Segment Start: Provided material

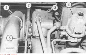 (1)渦輪增壓器進(jìn)氣口(2)燃料吸入管路(3)水冷式渦輪機(jī)殼體(4)排氣旁通閥(5)放油管
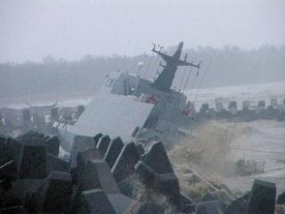 據報道,歷經薔薇臺風后,擱淺的導彈快艇已被潮水沖上消波塊,船身也因撞擊消波塊而造成許多破洞。由于昨天海上的風浪仍大,臺海軍將等風浪變小后再進行拖吊作業,如果拖吊不順利,不排除全部拆解后,運回左營軍港重新組裝。
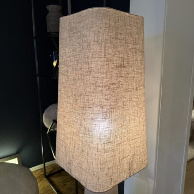 Floor lamp ‘Lizzano’ with a shade of linen fabric. The base of the lamp is also covered with linen fabric.
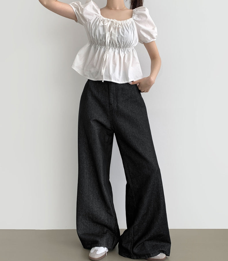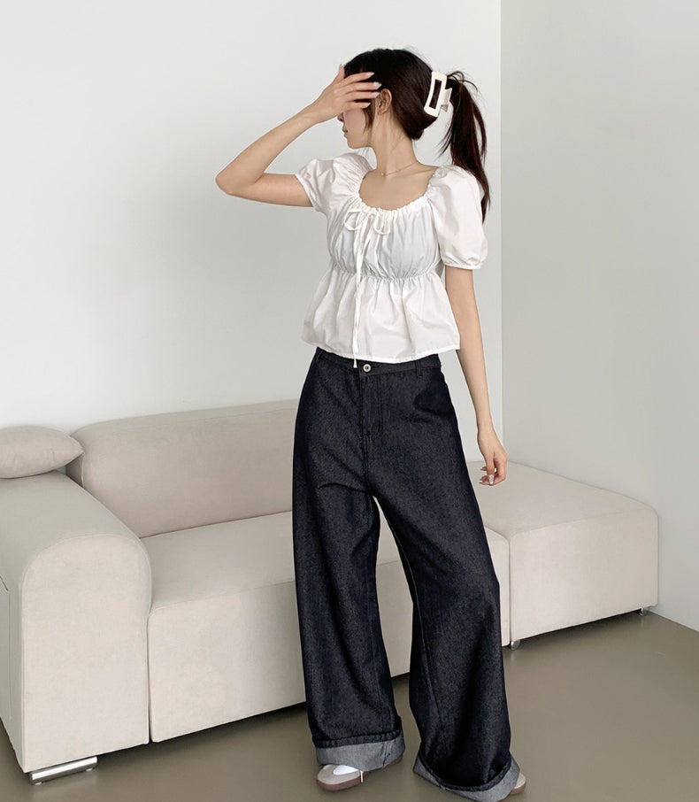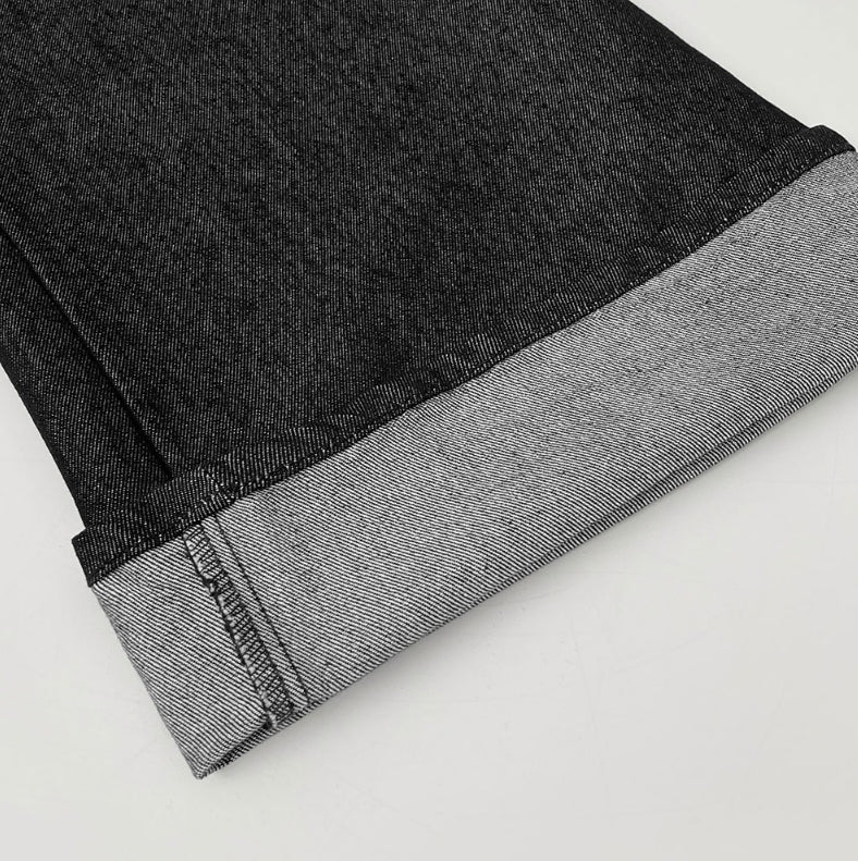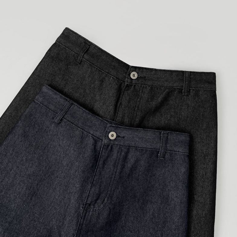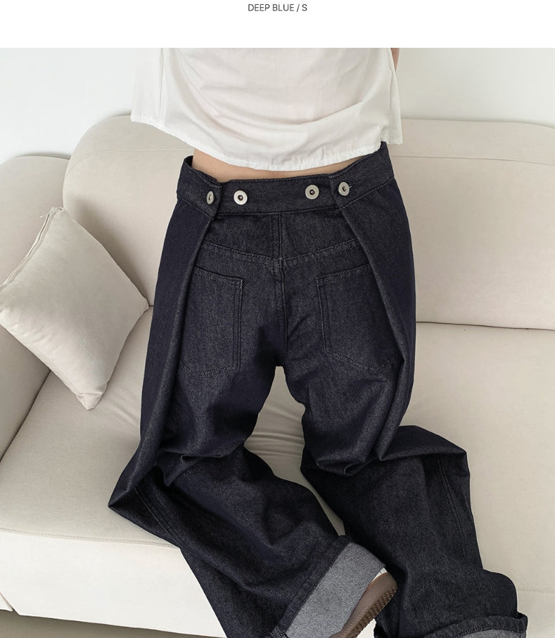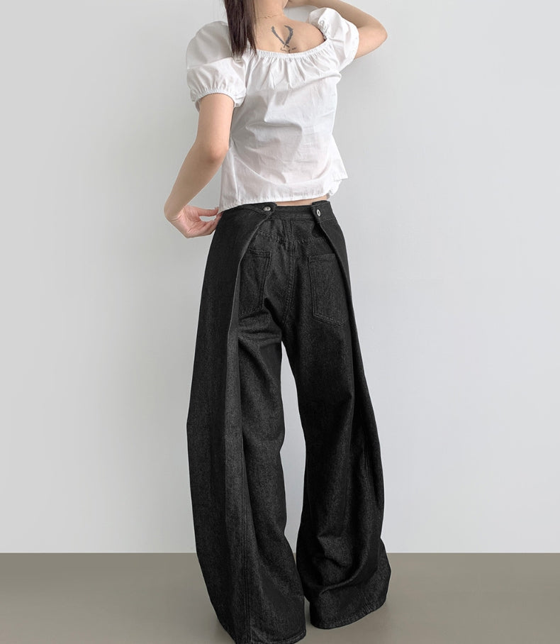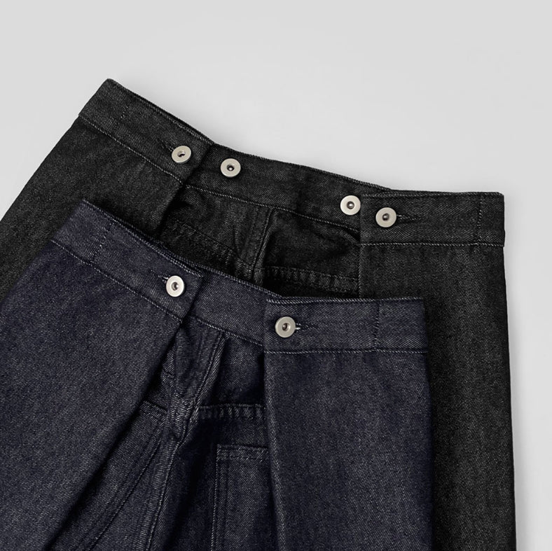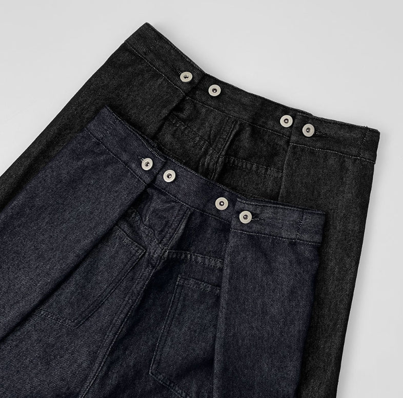 Raw back point button roll-up mega wide fit denim pants

Segment End: Provided material

• [Exercise directions] Only exact repeats of the lines from the one containing "Floor lamp ‘Lizzano’" through the end of the listing above are wanted here; pictures are not.

• [Result of this task]
 Floor lamp ‘Lizzano’ with a shade of linen fabric. The base of the lamp is also covered with linen fabric.
 Raw back point button roll-up mega wide fit denim pants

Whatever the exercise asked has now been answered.